[Opening Dataset content section]
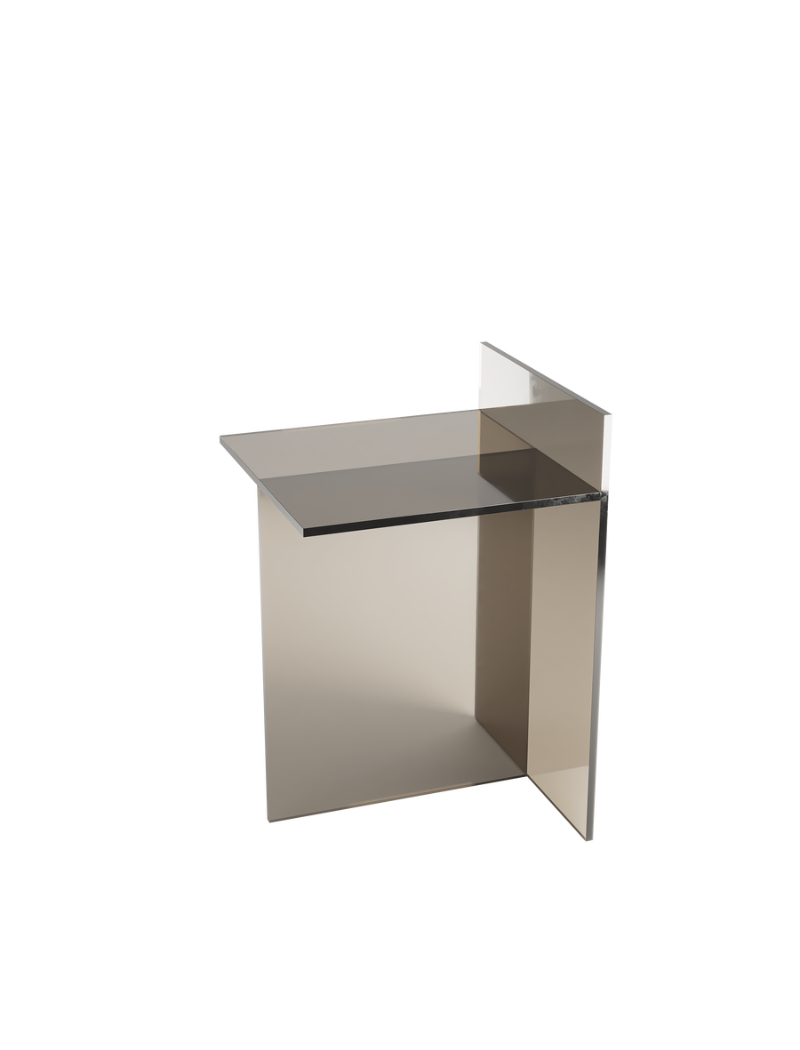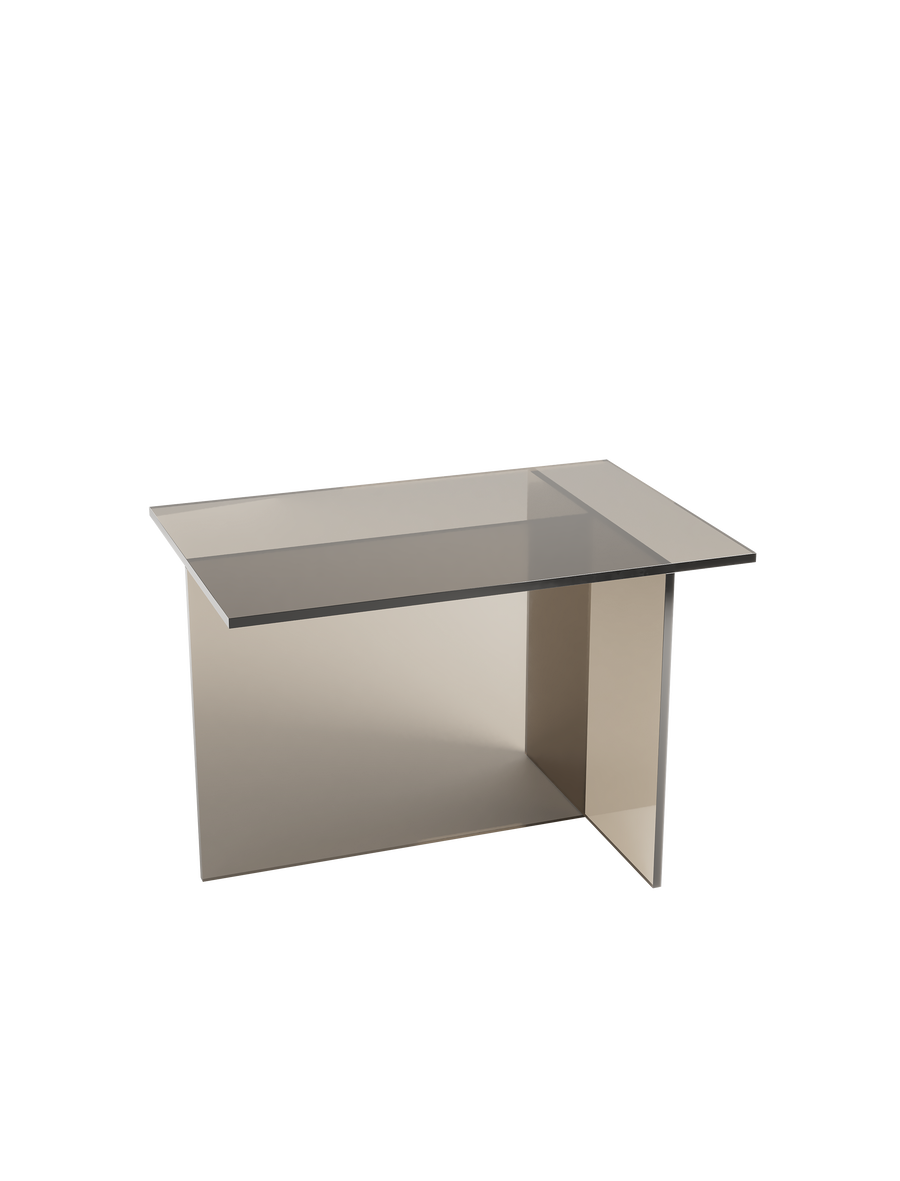 THEO Glass Side Table in smoked glass with intersecting panels forming a T shape, modern and versatile design.
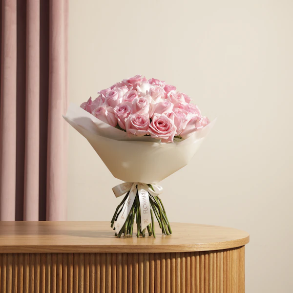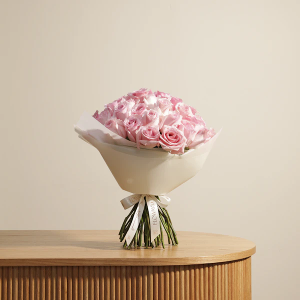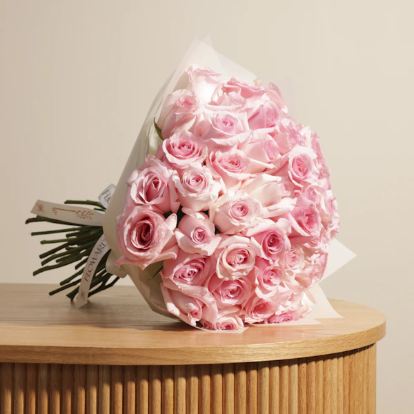Discover the elegance of our Luxury Roses Bouquet, featuring vibrant Light Pink roses wrapped in a chic cream wrap. This stunning bouquet is perfect for making any occasion special, from anniversaries to celebrations. The bold Light Pink roses combined with the soft cream wrap create a striking and sophisticated look. Ideal for expressing love, appreciation, or admiration, this luxurious arrangement is sure to impress. Buy now and add a touch of elegance and charm to your special moments with this exquisite bouquet.
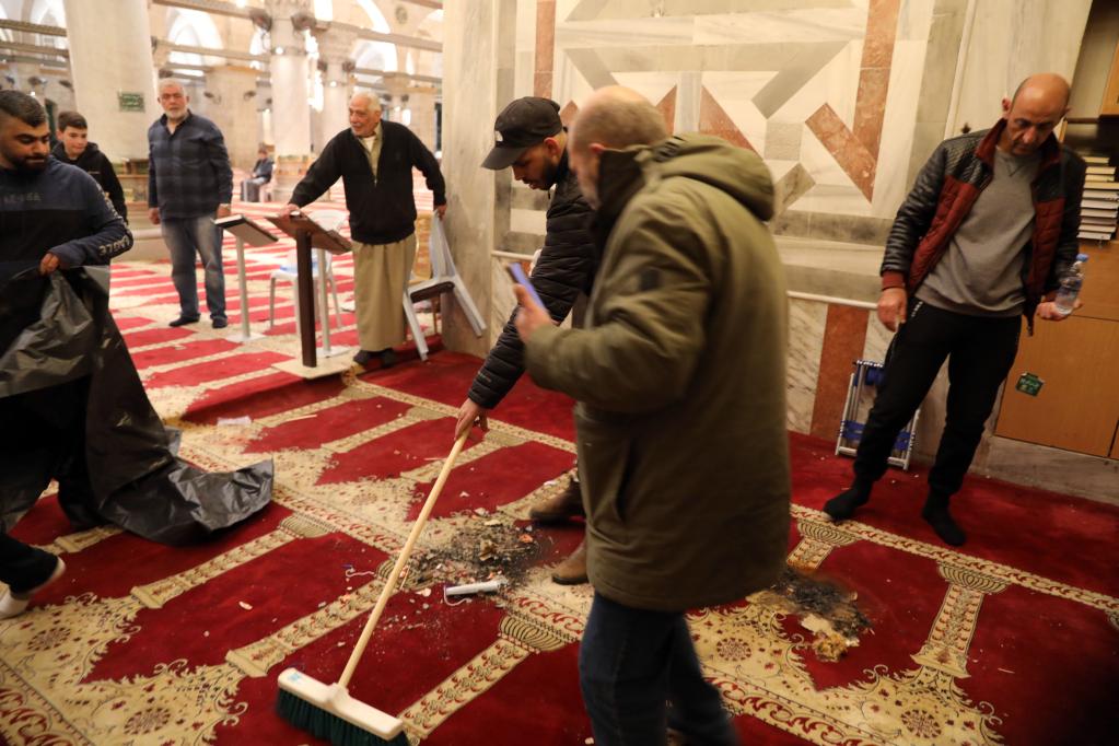 4月5日,人們在耶路撒冷老城阿克薩清真寺清理沖突現場。新華社發(穆阿邁爾·阿瓦德攝)
[Closing Dataset content section]
- Work order:
Each line from the start of the listing above through the line with "Discover the elegance" is what to output, exactly as written and without pictures.

- Exercise result:
 THEO Glass Side Table in smoked glass with intersecting panels forming a T shape, modern and versatile design.
Discover the elegance of our Luxury Roses Bouquet, featuring vibrant Light Pink roses wrapped in a chic cream wrap. This stunning bouquet is perfect for making any occasion special, from anniversaries to celebrations. The bold Light Pink roses combined with the soft cream wrap create a striking and sophisticated look. Ideal for expressing love, appreciation, or admiration, this luxurious arrangement is sure to impress. Buy now and add a touch of elegance and charm to your special moments with this exquisite bouquet.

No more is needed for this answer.